As previously mentioned, this paper aims to analyze the impact of different data models and different ways to organize the data in the BDW, so the tests to be performed will consist of: (i) Scenario A: Measuring the variation in the processing time using the star model vs. the denormalized model; (ii) Scenario B: Measuring the variation in the processing time using data partitions, applied both to the star model and to the denormalized model. The insights provided by this paper also take into consideration two SQL-on-Hadoop systems, to verify if the results are comparable among different query engines. In this benchmark, Engine-X and Hive (on Tez) are used. Furthermore, since one of the objectives of this paper is to understand the impact of different data organization strategies, and being partitioning an inherent feature of Hive, it is important to understand how it behaves when partitions are created. Figure 1 presents the test scenarios implemented in this work, namely scenario A and B. In order to achieve more rigorous results, several scripts were coded for executing each query four times. These scripts were adapted according to the SQL-on-Hadoop system (Hive or Engine-X), the applied data model (star or denormalized) and the organization strategy (with or without partitions). All Hive scripts are available on GitHub (https://github.com/epilif1017a/bigdatabenchmarks).

Fig. 1.
figure 1

Test scenarios.

Moreover, it is important to highlight that for Engine-X, the queries were executed using two different joins strategies: distributed joins and broadcast joins. The distributed joins strategy can handle larger join operations but is typically slower. Broadcast joins can be substantially faster, but require that the right side of the join fits in a fraction of the memory available in each node. Such distinction is not made for Hive, since cost based optimization, map joins and other related configurations work by default in HDP 2.6.0, which automatically assure the best join strategies according to the cluster’s configuration.

4 Results

This section presents the results achieved in the test scenarios discussed previously, not only comparing the performance of a Hive DW modeled using the star schema approach [11] with one modelled using a fully denormalized table, but also analyzing the performance impact of adequate data partitioning strategies in Hive. The results depicted in this section are relevant to highlight several factors that practitioners must take into consideration when designing BDWs.

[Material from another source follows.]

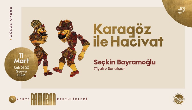Tasavvuf musikisi dinletisinin ardından saat 21.00’da tiyatro sanatçısı Seçkin Bayramoğlu’nun yazıp yönettiği Karagöz ve Hacivat gölge oyunu izleyiciyle buluşacak.

4.1 Scenario A: Star Schema vs. Fully Denormalized Table

Relational DWs have long been the backbone of many decision support systems in organizations. In contrast, with the wide acceptance of Hadoop and Hive, denormalized structures became more common, allowing the reading and writing of data to large and contiguous sections of disk drives, optimizing I/O performance [36]. During a significant period of time, Hadoop and the processing of huge amounts of denormalized data (often unstructured) became synonymous. However, with the constant improvements made in Hadoop and related projects, and with organizations increasingly demanding adequate support for relational structures in Big Data environments, there was a wave of efforts to improve the performance of SQL-on-Hadoop systems, in order to efficiently support traditional BI applications based on multidimensional DWs. Nevertheless, there is one question that still remains fairly unanswered by the scientific community: “What are the performance advantages/disadvantages of structuring Hadoop-based DWs according to traditional and relational rules?”.

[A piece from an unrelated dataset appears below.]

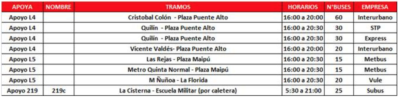 Debido a los anuncios de manifestaciones en el sector de Tobalaba, los buses de apoyo que habitualmente salían desde dicha estación de Metro saldrán esta tarde desde la estación Cristóbal Colón hacia Plaza de Puente Alto.

Table 1 illustrates the results for different scaling factors, SF = 10, SF = 30, SF = 100 and SF = 300 workloads, both for Hive and Engine-X query engines. As previously discussed in Subsect. 3.3, two different join strategies were tested for Engine-X: distributed and broadcast. Processing times for broadcast joins are presented between parentheses in Table 1, and since they always outperformed distributed joins, overall performance considerations between the star schema and the denormalized table only take broadcast joins into account. As demonstrated by the results from the experiments conducted in this work, which are presented in Table 1 (lower values are highlighted in bold), despite being feasible to implement multidimensional DWs in Hadoop, it may not be the most efficient approach.

Table 1. SSB execution times (in seconds): star schema (SS); denormalized table (DT).

According to the experimentations with different SFs, the star schema only outperformed the denormalized table in 14 out of the 104 query executions, namely in Hive’s SF = 10 workload (Q1.1, Q1.2, Q1.3 and Q2.2); in Hive’s SF = 30 workload (Q1.3 and Q2.2); in Hive’s SF = 100 workload (Q2.2); in Hive’s SF = 300 workload (Q1.1, Q1.2, Q1.3 and Q4.3); and, in Engine-X’s SF = 300 workload (Q1.1, Q1.2 and Q1.3). If one takes a closer look at the pattern of Q1 in the SSB, it can be concluded that it should favor the star schema. Considering that the star schema fact table is roughly 3 times smaller than the denormalized table, and since Q1 only joins the fact table with the date dimension, the smaller size should compensate for the overhead of performing a single join operation. However, this does not happen in Hive’s SF = 100 workload, where the denormalized table outperformed the star schema for all Q1 queries.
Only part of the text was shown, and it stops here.